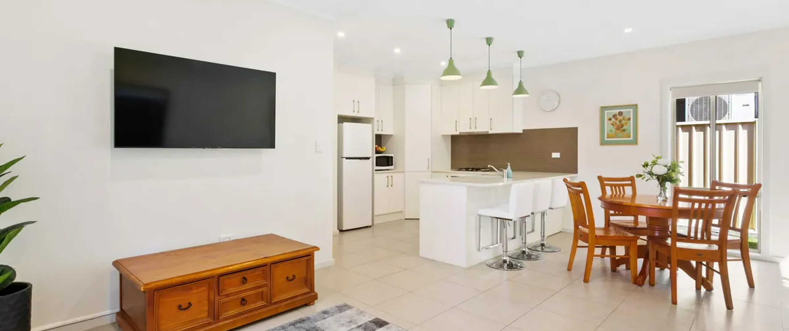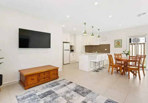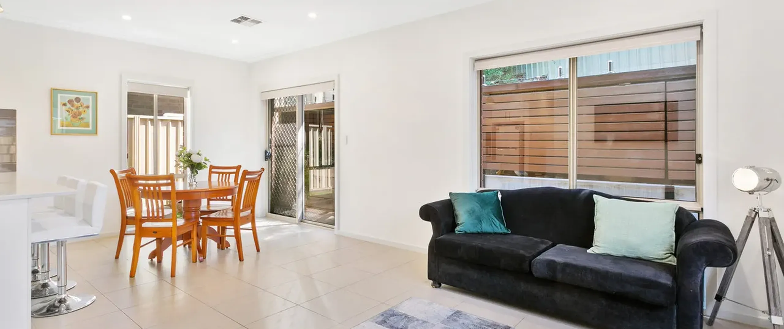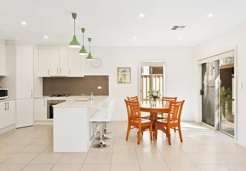 - Spacious open-plan dining, lounge and kitchen area with easy-care tiled flooring and sliding door opening to the backyard
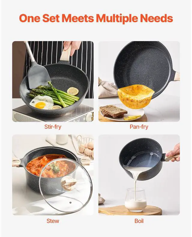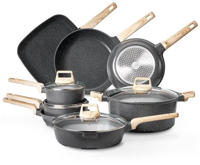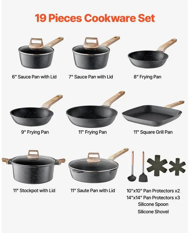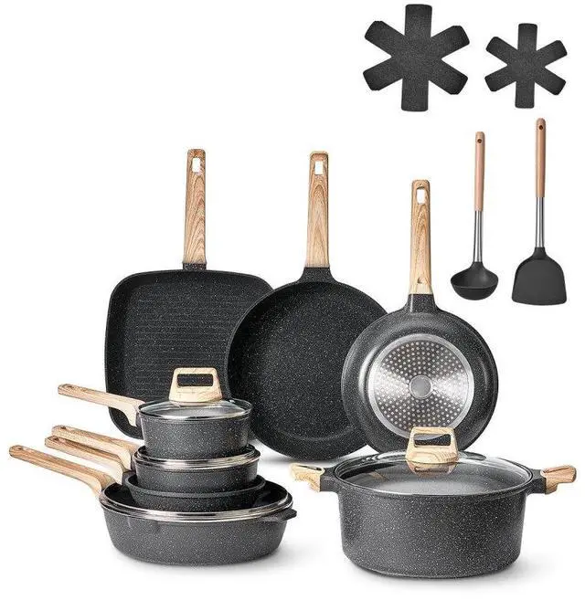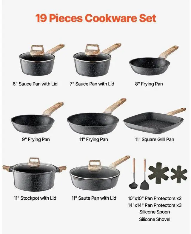 19 Piece Pots and Pans Set Granite Nonstick Kitchen Cookware Induction Black
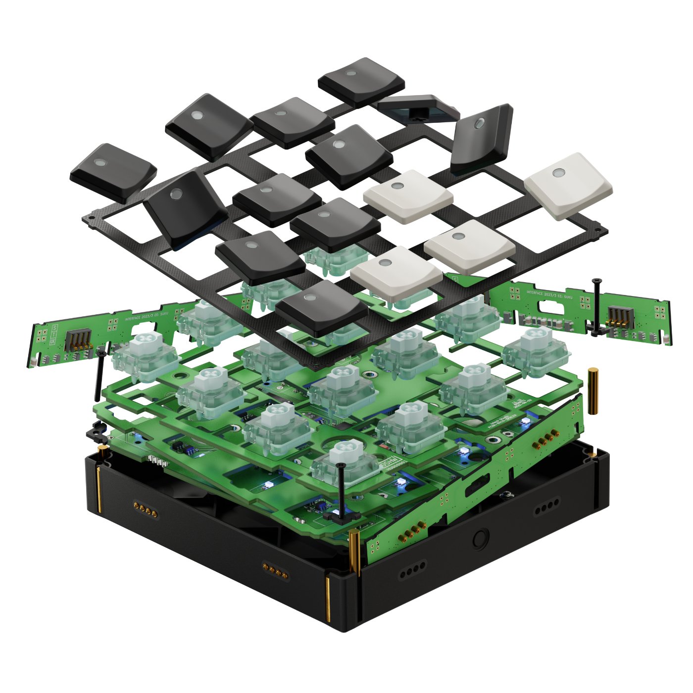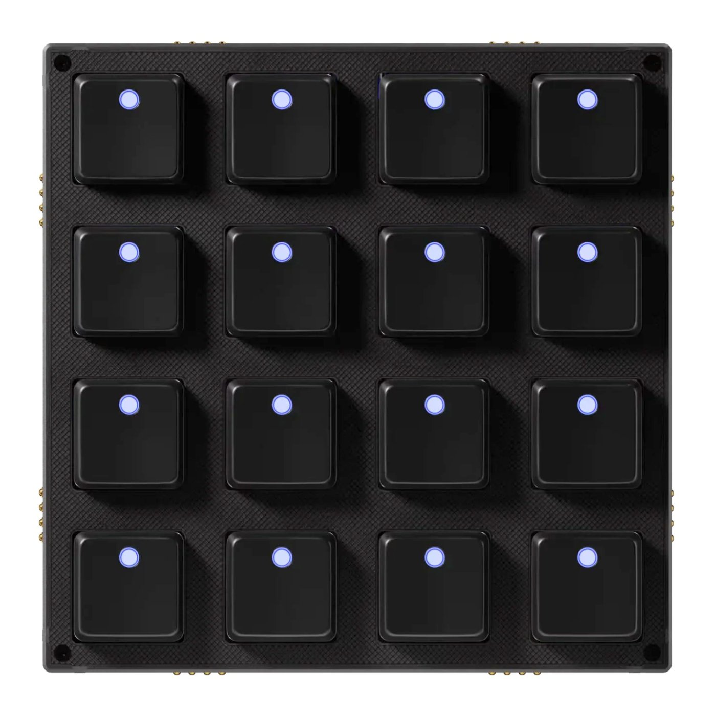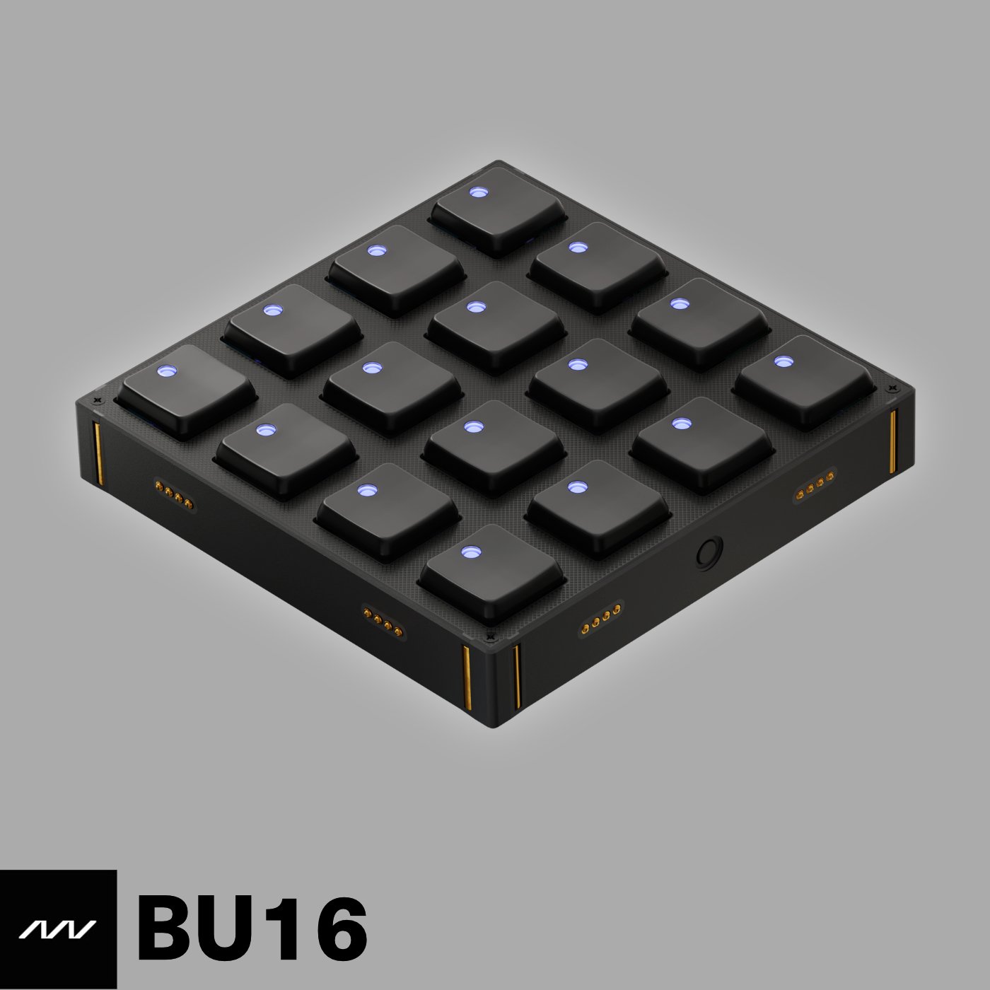 BU16 Series 3 is a compact and expressive button desktop USB-MIDI controller designed for dynamic control in creative environments. It features a 4×4 grid of MX Gateron Hall effect switches, offering velocity and pressure sensitivity for responsive, nuanced input — ideal for triggering samples, launching clips, controlling playback, or finger drumming with more depth.
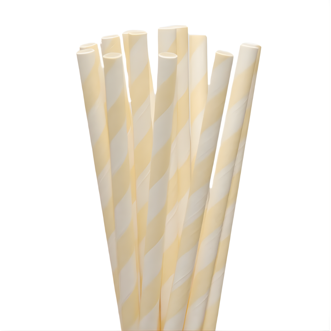 Canudo de Papel Listrado Marfim - 20 Unidades
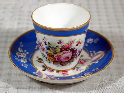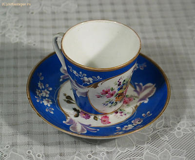 Отличной сохранности подарочная чайная пара, состоит из чашки и блюдца. Основной васильково-синий фон с изысканной полихромной цветочной росписью в белых резервах, особую нарядность придаёт золотая подрисовка.
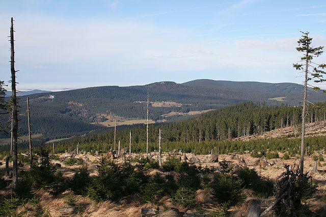 Pohled z vrcholu Mechového vrchu (VV 207a; 1013 m) k vrcholu Křemenné (HLV 207; 1085 m). Spojnice Mechového vrchu s Křemennou je tvořena téměř v celé délce výrazným hřebenem.
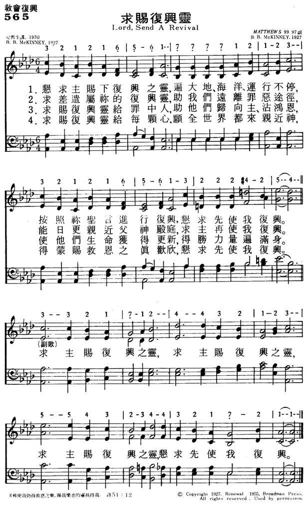 (副)求主赐复兴之灵,求主赐复兴之灵,
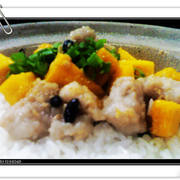 排骨、南瓜、白饭、水、枧水、生粉、食粉、葱粒、水、盐、味精、糖、酸梅酱、炸蒜茸、香油、麻油。
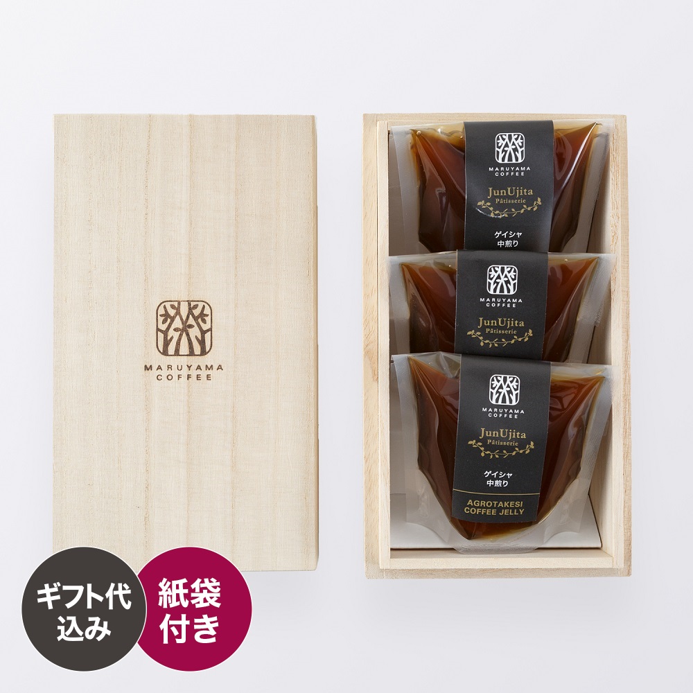 圧倒的な透明感と迫力を感じる、高品質コーヒーであるアグロタケシゲイシャを存分に使用して作られたゼリーは、普段口にすることは難しく、まさに大人のご褒美にピッタリ。3個入。
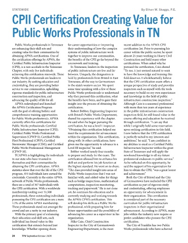 Public Works professionals in Tennessee for career opportunities or improving recent addition to the APWA CPII
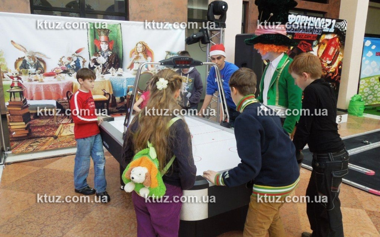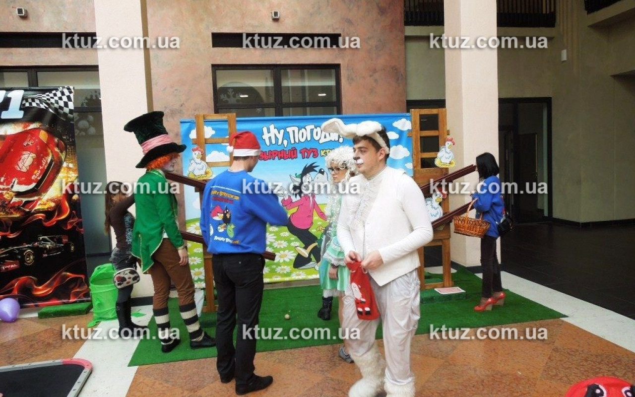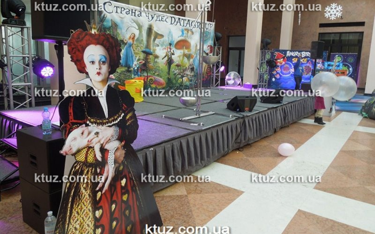 Очень важный момент при подготовке такого сценария – декорирование помещения. Для этого у нас есть красочные баннеры со сценами из сказки, а также фигуры главных героев. Для дополнения интерьера все помещение будет увешано огромными игровыми картами, большими надувными шарами и детскими горками и домиком. К тому же, практически все наши аттракционы оснащены прекрасными баннерами, которые также дополнят интерьер.
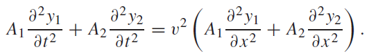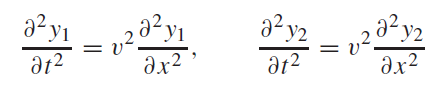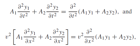 where A1 and A2 are arbitrary constants. This result follows at once from the linearity of the wave equation (1), i.e. each term in the wave equation is proportional to y or one of its derivatives: it does not contain quadratic or higher-power terms or product terms such as y(∂y/∂x). (Equations of this type are known as linear equations.) We can see this as follows. Multiplying the first of the following equations
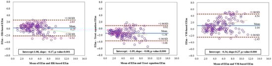 where, gender is 0 for boy and 1 for girl and VM is calculated by counts per minute. The heart-rate-based equation is F = 213.286 (p < 0.001) and the explanatory power is 81.8% (adj R2 = 0.814, SEE = 1.171, Durbin-Watson = 1.886); the VM-based equation is F = 196.805 (p < 0.001) and the explanatory power is 80.6% (adj R2 = 0.802, SEE = 1.210, Durbin-Watson = 1.902). The Trost et al. []-based equation (EEm = −2.23 + (0.0008 × VT, counts per minute) + (0.08 × weight)) was applied to compare the EE estimates between three EE predictive equations.
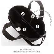 ・手持ちのコンパクトなトートとしてはもちろん、取り外し可能なショルダーストラップで肩掛けにも出来る2WAY仕様。
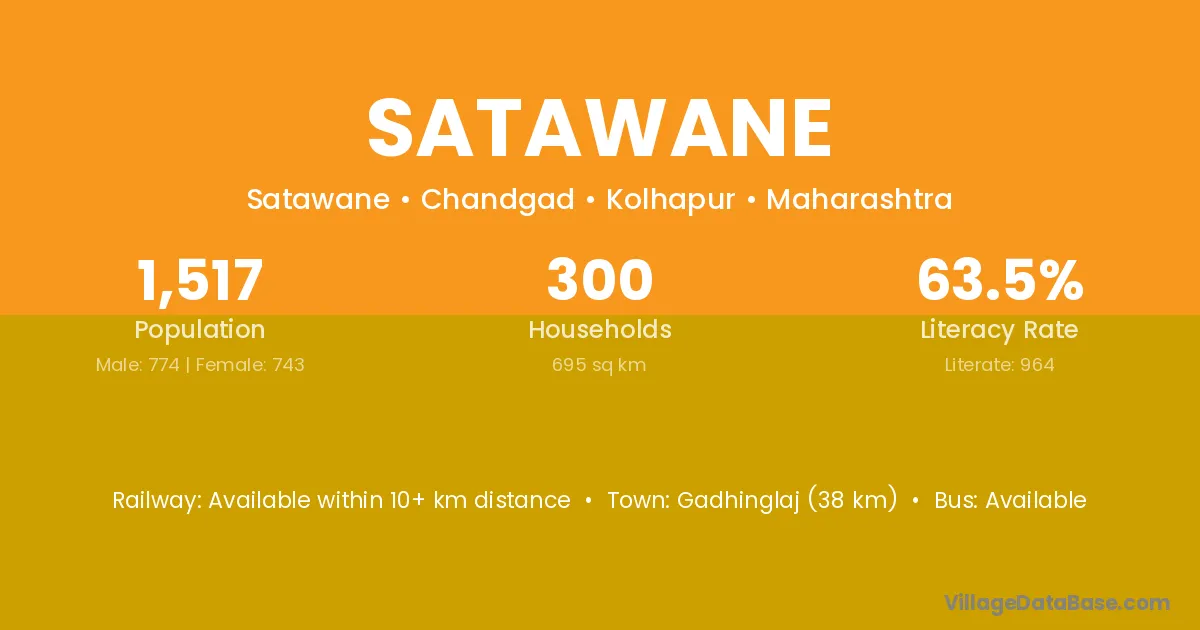 Gadhinglaj (38 km) is the nearest town to Satawane village for major economic activities and is located approximately 38 km away.
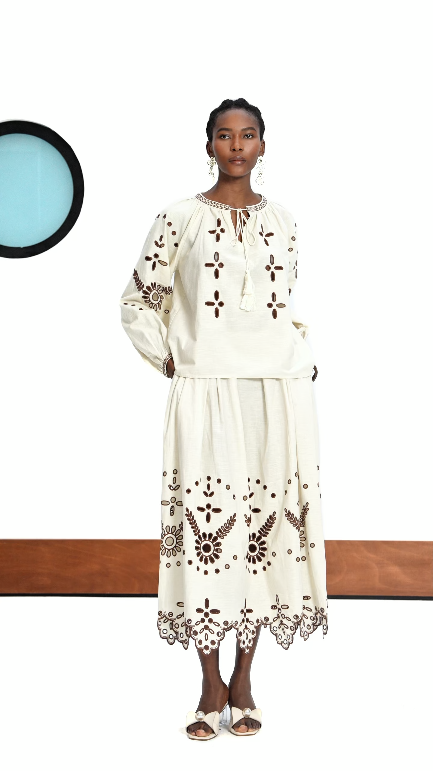 Gabby Balloon Sleeve Embroidered Skirt Set
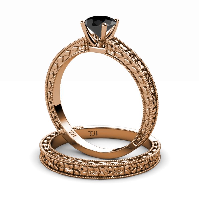 1.00 ct Classic Black Diamond (6.00 mm) Floral Engraved Solitaire Women Engagement Ring & Wedding Band Set in 14K Rose Gold . More Details ...

────

Work instructions ▸ Lines from the start of the material through the line containing "排骨、南瓜、白饭、水、枧水、" are to be restated word for word; no picture may be included.

The completed task ▸
 - Spacious open-plan dining, lounge and kitchen area with easy-care tiled flooring and sliding door opening to the backyard
 19 Piece Pots and Pans Set Granite Nonstick Kitchen Cookware Induction Black
 BU16 Series 3 is a compact and expressive button desktop USB-MIDI controller designed for dynamic control in creative environments. It features a 4×4 grid of MX Gateron Hall effect switches, offering velocity and pressure sensitivity for responsive, nuanced input — ideal for triggering samples, launching clips, controlling playback, or finger drumming with more depth.
 Canudo de Papel Listrado Marfim - 20 Unidades
 Отличной сохранности подарочная чайная пара, состоит из чашки и блюдца. Основной васильково-синий фон с изысканной полихромной цветочной росписью в белых резервах, особую нарядность придаёт золотая подрисовка.
 Pohled z vrcholu Mechového vrchu (VV 207a; 1013 m) k vrcholu Křemenné (HLV 207; 1085 m). Spojnice Mechového vrchu s Křemennou je tvořena téměř v celé délce výrazným hřebenem.
 (副)求主赐复兴之灵,求主赐复兴之灵,
 排骨、南瓜、白饭、水、枧水、生粉、食粉、葱粒、水、盐、味精、糖、酸梅酱、炸蒜茸、香油、麻油。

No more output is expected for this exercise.